僕の住んでた家は、2回目の家なんだけど、大工の川嶋さんに建ててもらった。
川嶋さんは、大工さんの、今で言えば、棟梁のような人で、僕は、隣の家が建つまでは、川嶋さんのとこで遊んでた事もある。
土地が安いとこになんで住むのか?
それは、明確なことは言えないが、地価の値段に依存する。ヘドニカルアプローチとして、時系列データを取った文献を読んだことがある。
若い夫妻には、そこに済まざるえないと言うか、そこに住んでいる理由がある。
中古物件にしろ、なんであれ、一戸建てを購入するには、なにかと家計の年収との因果関係があることは確か。
ま、そう言った若い夫妻が購入できるのは、そう言った地価の値段に依存する。その上に立つ家屋の値段は、売却する際には、ほぼ0円の価値しかない。減価償却費とかを実証分析する際には、考慮に入れなければ分析結果は、モノを言う結果は出ないけど。

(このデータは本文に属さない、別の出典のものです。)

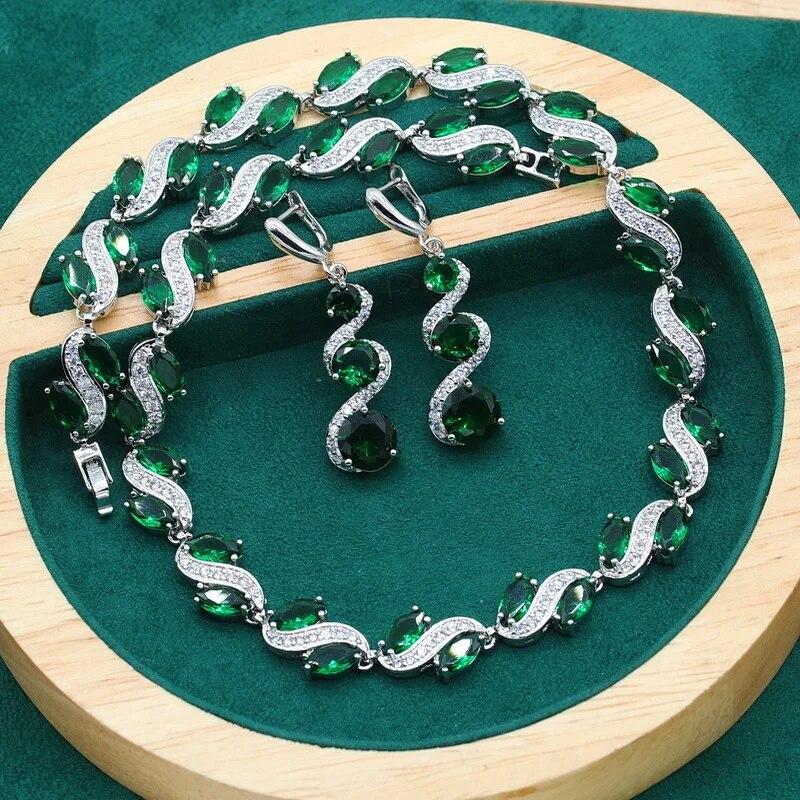 Ожерелье из серебра 925 пробы, комплекты ювелирных изделий для женщин, свадебные изысканные длинные серьги с зеленым королевским синим цирконием, подарок на праздник

川嶋さんは、そう言った懐事状を知ってか否かは、わからないけども、総額の値段を言うと、その中でなにかと工面してくれる人だった。
例えば、他を削ってでも、大黒柱には、さるすべりの木を使ったりしていた。さるすべりの木がわからない人は、別に譲る。
とにかく、大黒柱に、さるすべりの木を持ってくるのには、なにかと縁起があるのである。
そうして、僕の住む二軒目の家は建った。
それをモデルにして、次の家も建つようになった。
その間、僕は、そこの家が建つ間、大工さんの木くずに、墨壺で線を引いたり、かんなの削り方を教わって過ごしていたことがある。
親は、仕事で忙しく、僕は、新しい土地に住み着いた、よそ者なので、友人などいない。
そうした思い出があるゆえに、小学校から餌付けして連れきた犬の小屋は自分で作った。
暑い中、できるだけの木くずを集めて。
もちろん、そんなことは、御構い無しに犬は壊してしまうのだけれども。
総じていえば、川嶋さんのお陰で、大工さんの苦労もわからなくはないし、いま、川嶋さんのような人に我が家の中古物件に手を入れてもらえないかなあ、と、考えている次第である。
だから、三谷幸喜の作品で一番好きな作品は、『みんなの家』。棟梁役の邦衛さんの演技には、いつも共感させられる。